_Brief:_ Print, from the listing below, the lines starting at the line containing "самостоятельная работа /" and ending at the line containing "Kubernetes使用身份", exactly as they stand, and print nothing else.

_Records supplied:_
------------

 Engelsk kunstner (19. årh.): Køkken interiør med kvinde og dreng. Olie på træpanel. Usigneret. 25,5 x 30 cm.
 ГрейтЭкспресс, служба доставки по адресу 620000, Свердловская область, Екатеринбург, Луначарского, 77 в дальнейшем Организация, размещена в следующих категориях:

------------

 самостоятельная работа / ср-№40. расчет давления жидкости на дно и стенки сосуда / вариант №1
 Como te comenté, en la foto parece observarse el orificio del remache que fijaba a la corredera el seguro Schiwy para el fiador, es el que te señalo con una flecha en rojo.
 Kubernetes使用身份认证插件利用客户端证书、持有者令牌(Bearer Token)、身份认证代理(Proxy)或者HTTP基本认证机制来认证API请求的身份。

------------

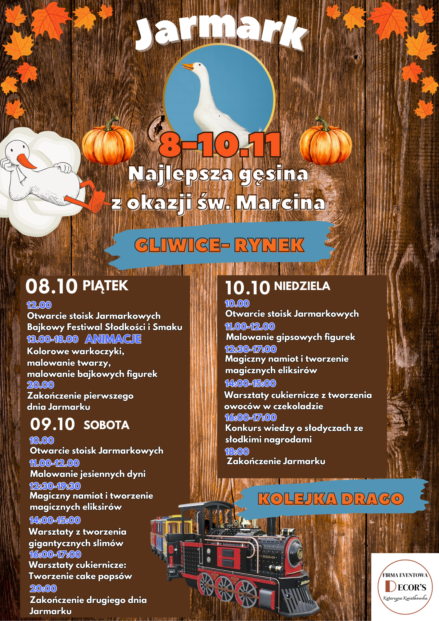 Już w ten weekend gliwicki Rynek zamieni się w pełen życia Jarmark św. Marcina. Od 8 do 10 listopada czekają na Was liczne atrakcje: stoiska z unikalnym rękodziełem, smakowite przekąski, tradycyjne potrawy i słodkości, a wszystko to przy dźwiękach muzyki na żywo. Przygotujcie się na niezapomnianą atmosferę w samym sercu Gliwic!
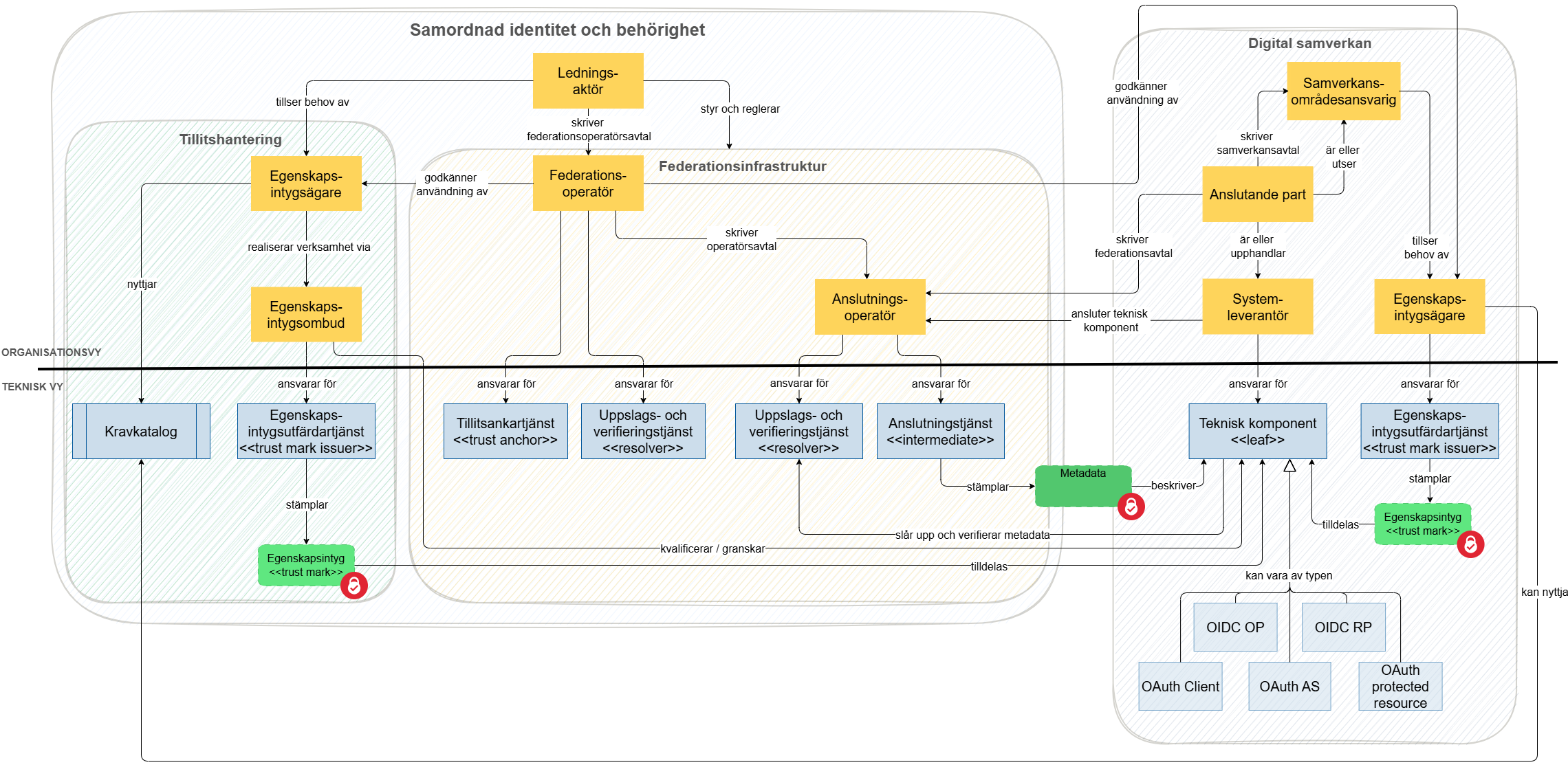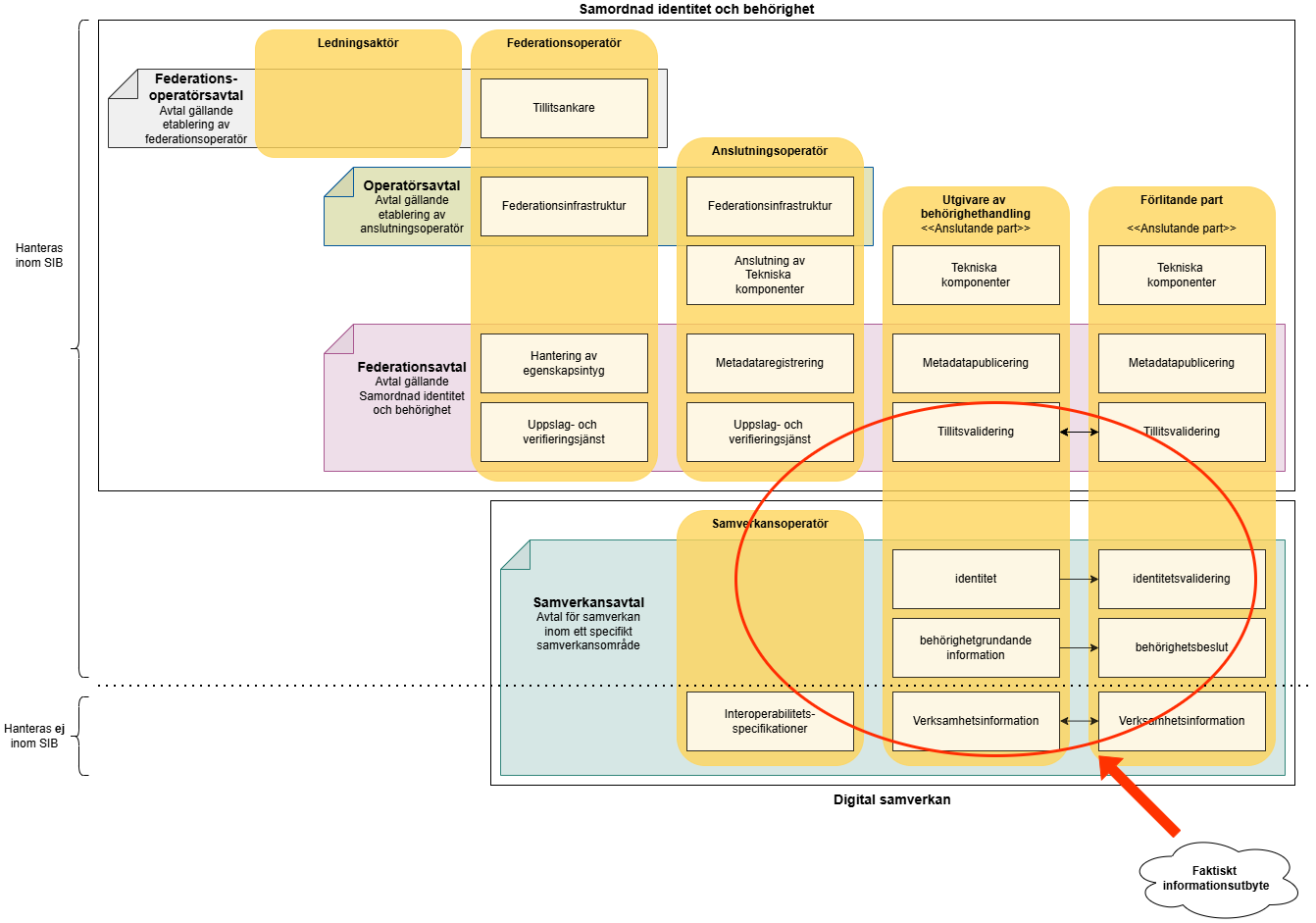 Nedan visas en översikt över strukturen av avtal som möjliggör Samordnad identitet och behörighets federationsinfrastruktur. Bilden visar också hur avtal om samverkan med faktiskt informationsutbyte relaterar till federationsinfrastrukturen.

------------

_Result of this exercise:_
 самостоятельная работа / ср-№40. расчет давления жидкости на дно и стенки сосуда / вариант №1
 Como te comenté, en la foto parece observarse el orificio del remache que fijaba a la corredera el seguro Schiwy para el fiador, es el que te señalo con una flecha en rojo.
 Kubernetes使用身份认证插件利用客户端证书、持有者令牌(Bearer Token)、身份认证代理(Proxy)或者HTTP基本认证机制来认证API请求的身份。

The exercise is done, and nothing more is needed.